The UKCS system is fundamentally based on CT, therefore, targeting profits and not economic rents. It does not consider investors’ rate of return and is not neutral. Since it is not directed towards economic rents, further changes will be inevitably needed as industry conditions continue to change. Constant changes are counterproductive to promoting investment.

The 100% capital allowances constitute a notoriously progressive element. The provision is binding to investments within the UKCS, inducing companies to maintain their portfolio. However, it’s availability is limited for new entrant investors or firms with no taxable income and therefore, in practice there is differential tax treatment.

The RFES does not provide neutrality with respect to exploration investments. The RFES rate is not a measure of investor’s WACC and unsuccessful exploration investments may never be recovered. Even so, extending the RFES years from six to 10 may allow for more marginal fields to be developed. However, in general, reductions in tax revenues for the government exceed increases in profitability and certainty for investors.

After the introduction of the SC the system has been unable to adapt to cost escalation, motivating the emergence of a plethora of field allowances intended to reduce SC obligations. If targeted properly, these field allowance could enhance flexibility and adaptability of the regime. However, as they have been designed, they are not adjusted for inflation and have the same value for all qualifying fields, when clearly some qualifying fields are more profitable than others.

From the modeling exercise, it becomes evident that a cost-based allowance is more efficient since it will adjust to specific changes in the costs of fields. There is a strong case to advocate for the substitution of all SC allowances with a single cost-based allowance. In addition to field allowances, more neutrality is required in order to promote timely exploration investments from new entrant investors or small and medium sized firms.

Specific reforms to the fiscal system may prove effective in increasing the profitability of the province. However, more thorough asset stewardship will be required in order to avoid lack of cost consciousness. The creation of the Oil and Gas Authority signals the government’s intention to enhance its technical role and involvement.

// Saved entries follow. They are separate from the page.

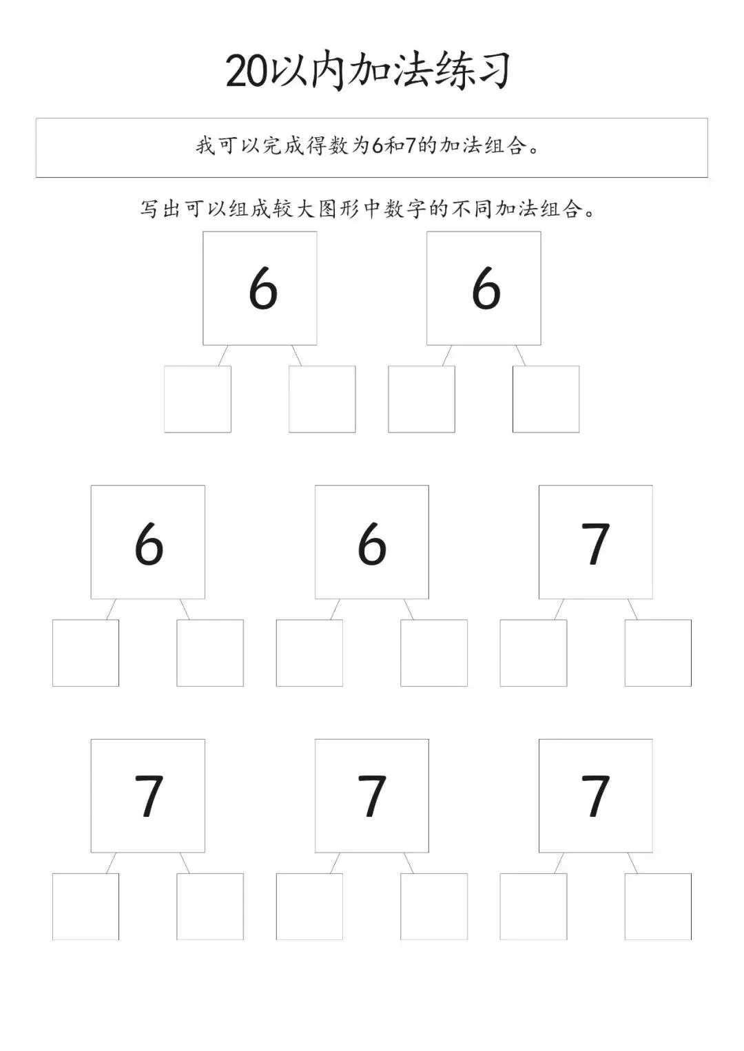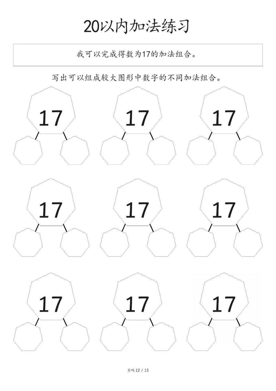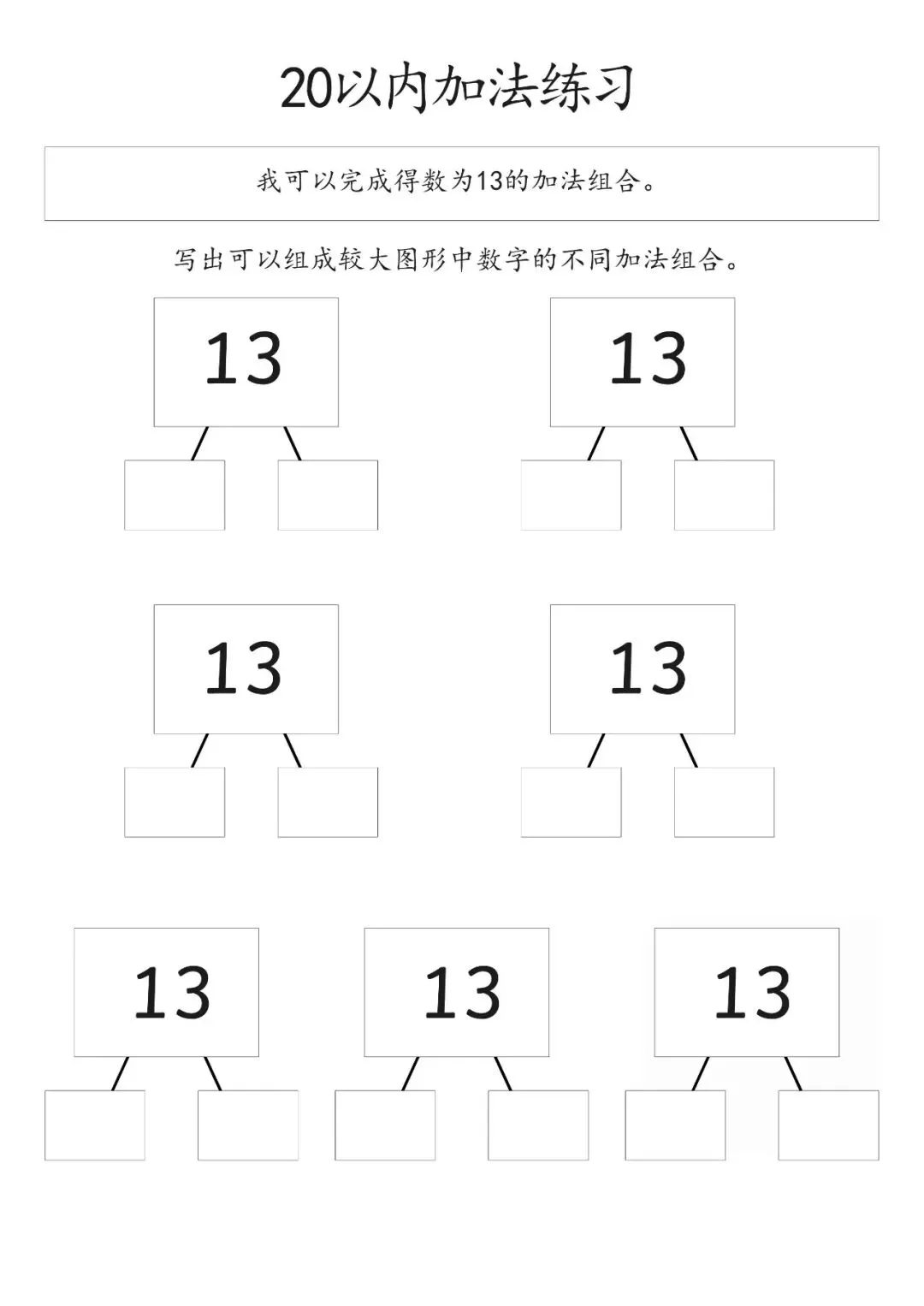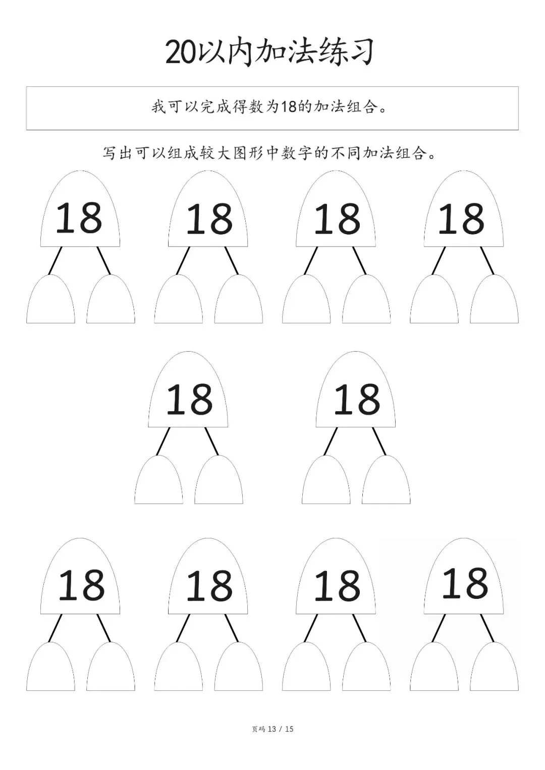 20以内加减法打印版pdf,20以内数的分解图大家好,这里是淘学学资料库,这份《20 以内加减法分合练习》,完整 pdf 电子档共 15 页。这份练习资料专为低年级孩子设计,聚焦 20 以内加法分合训练,按得数从 0 到 20 依次编排,循序渐进引导孩子写出不同数字的加法组合,从基础得数 0、1、2、3 开始,逐步过渡到 4、5 至 20,题型简单清晰,侧重数字拆分与组合能力培养,适合孩子夯实口算基础,提升计算熟练度。这份资料整体结构清晰,以得数为分类标准,每个数字都预留充足书写位置,方便孩子反复练习不同加法算式,从易到难逐步掌握 20 以内加法规律,帮助孩子熟练完成数字分合,强化加法运算思维,无复杂题型,专注基础口算训练,能有效帮助孩子打好算术基本功,适合日常巩固练习。(公众号底部菜单查看完整pdf获取方式)
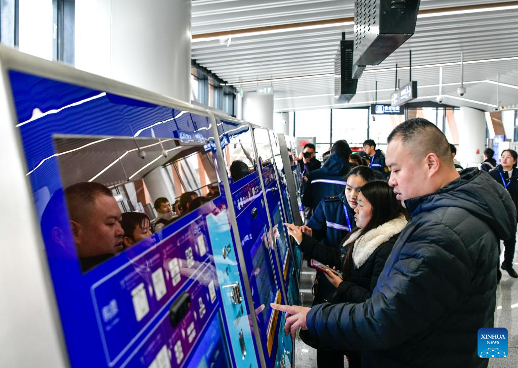 People buy tickets at Tianhetan station of S1 line in Guiyang, southwest China's Guizhou Province, Dec. 28, 2024. Guiyang rail S1 line started operation on Saturday. The first phase of S1 line project has a total length of about 30 kilometers and 13 stations, and will become an important passage from Gui'an New Area to the urban area of Guiyang. (Xinhua/Yang Wenbin)
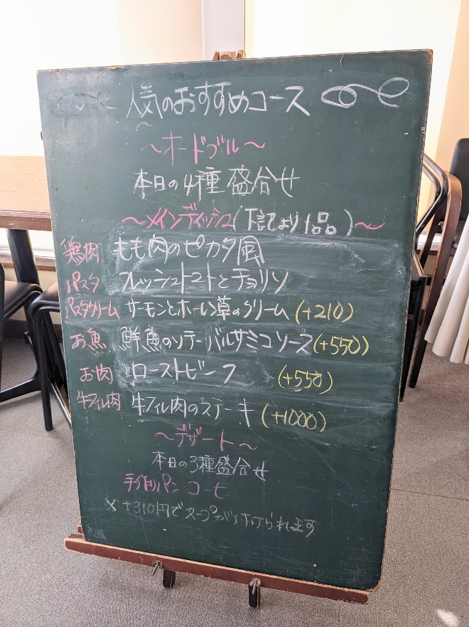黒板での本日のメインディッシュの案内 ・鶏肉 もも肉のピカタ風 ・パスタ フレッシュトマトとチョリソ ・パスタクリーム サーモンとホーレン草のクリーム ・お魚 鮮魚のソテー バルサミコソース ・お肉 ローストビーフ ・牛フィレ肉 牛フィレ肉のステーキ
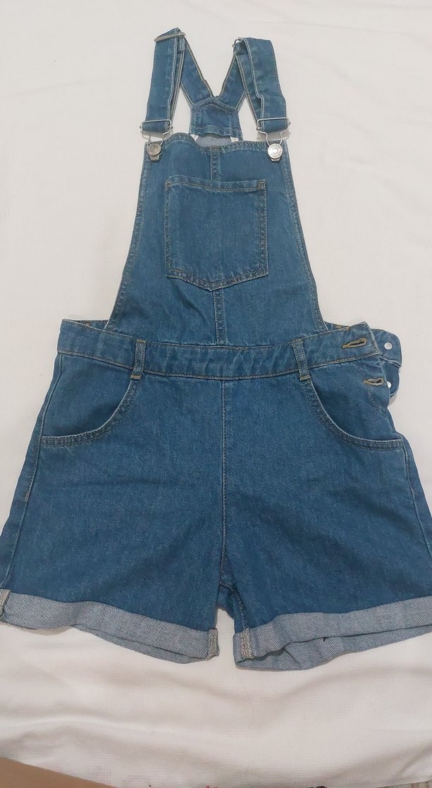 Ayarlanabilir tokalı askıları ve ön cepli, bol kesim mavi kot şort salopet. Sokak tarzı için uygun.
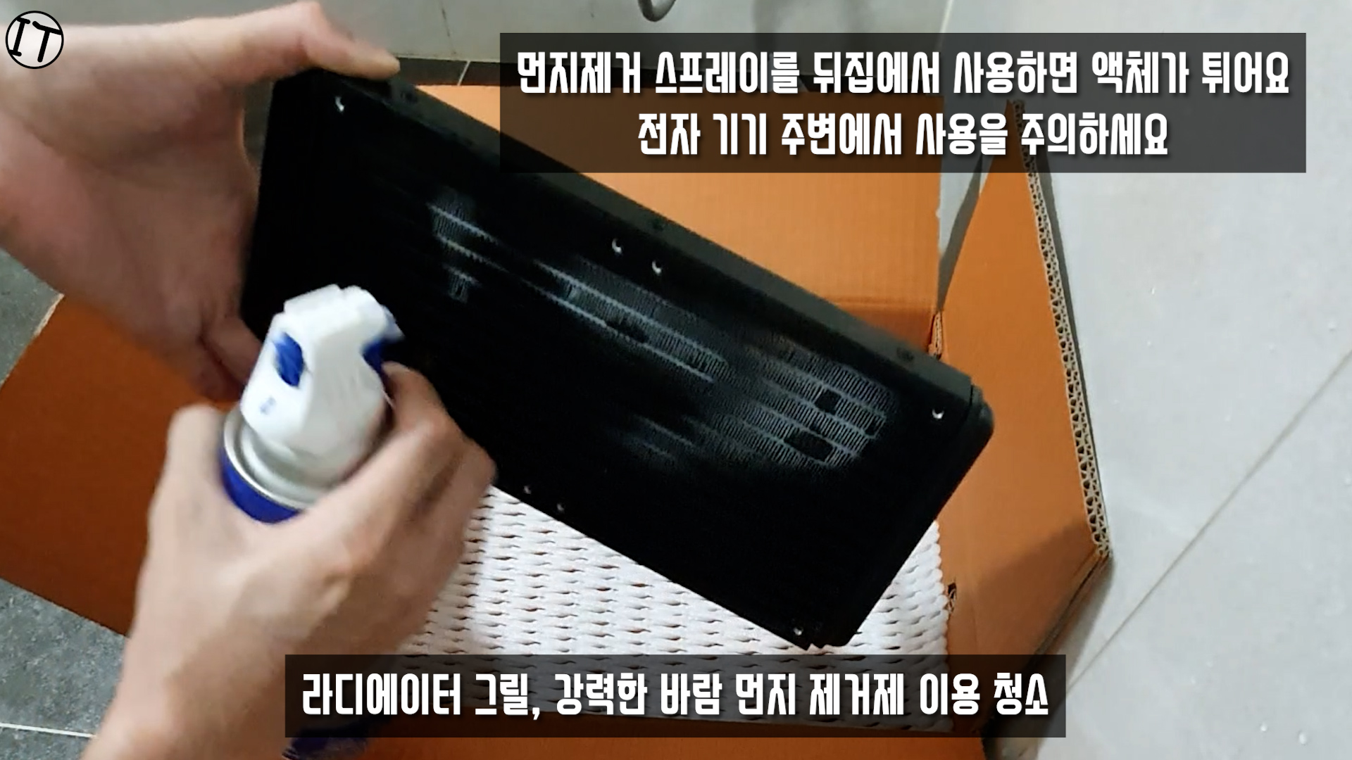 하지만, 라디에이터 그릴의 먼지는 제트건 바람으로 제거하는 방법 말고는 다른 먼지제거 방법이 없어요.
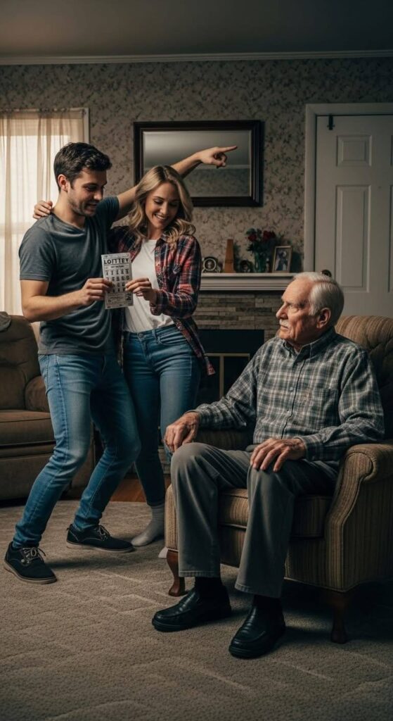 “No, he’s right,” she said, her voice hardening as she clutched the ticket to her chest. “This changes everything, Dad. We can finally live our own lives. We’ll find you a nice assisted living place. Somewhere… appropriate.”
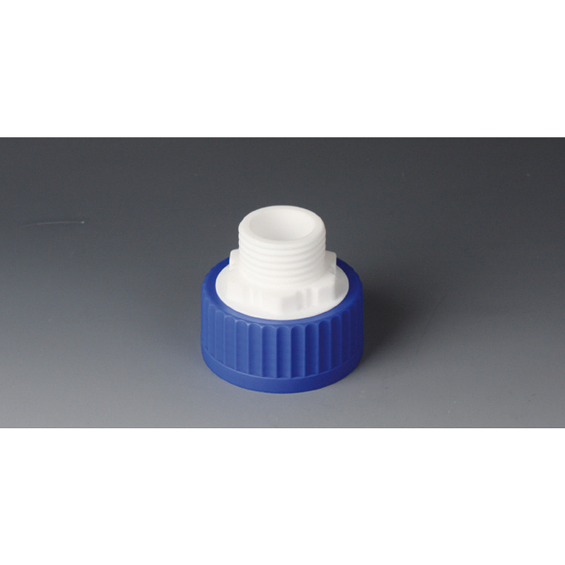 Schraubkappe blau aus PP für Gewinde GLS 80 mit beweglichem Einsatz mit GL 45 Gewinde aus PTFE. Übergang von GLS 80 Flaschen auf das Gewinde GL 45. Durch den beweglichen Reduzierstutzen kann das Gefäß ohne vorherige Demontage angeschlossener Geräte gewechselt werden, da Schläuche und Kabel nicht verzwirbeln können. Das Medium kommt nur mit PTFE in Berührung., Abmessungen: für Gewinde GLS 80, Reduziergewinde GL 45
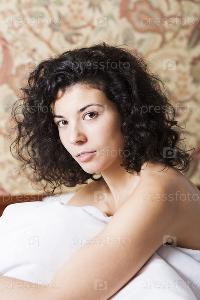 Серьезная женщина в мягком одеяле
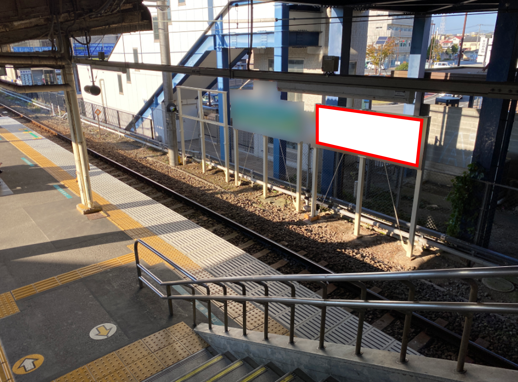 ■ホーム階段付近に設置されており、視認性の高い看板です。
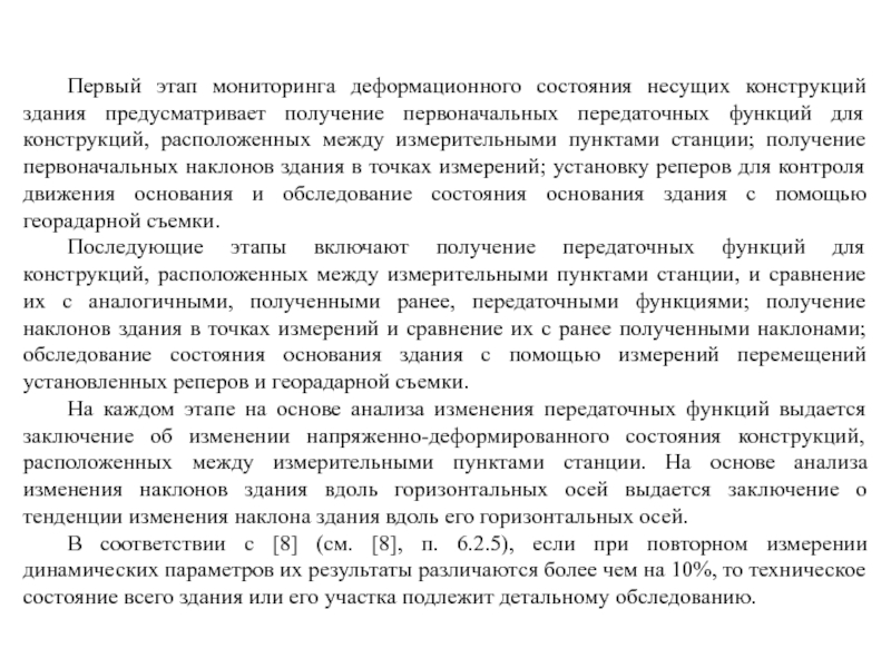 В соответствии с [8] (см. [8], п. 6.2.5), если при повторном измерении динамических параметров их результаты различаются более чем на 10%, то техническое состояние всего здания или его участка подлежит детальному обследованию.
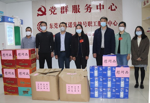 東莞市大朗鎮(zhèn)人大、總工會等單位向以諾通訊贈送防疫保障物資
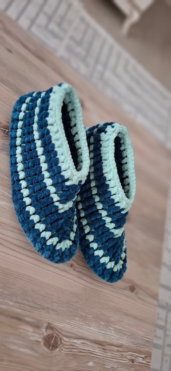 Kız çocuklar için örgü, mavi sıcak terlikler. Bohem tarzda, yumuşak örgü kumaştan konforlu ev kullanımı için uygundur.

The UKCS has evolved into a basin with over 300 fields, ever smaller new discoveries and ever growing interdependencies. A neutral tax will benefit government and industry alike and will allow for "market efficiency," thus generating the appropriate business environment in order to “Maximise Economic Recovery” for the UK.

This article was based on the academic paper, “The Economics of Exploration in the UKCS: A case study on the Central North Sea and West of Shetland.”


Ignacio Fernandez is a consultant at Palantir Solutions. He recently graduated from the University of Aberdeen with an Msc, Petroleum, Energy Economics and Finance. His paper, from which this article is written, was a runner up in the Energy Institute's annual best MSc student energy paper competition.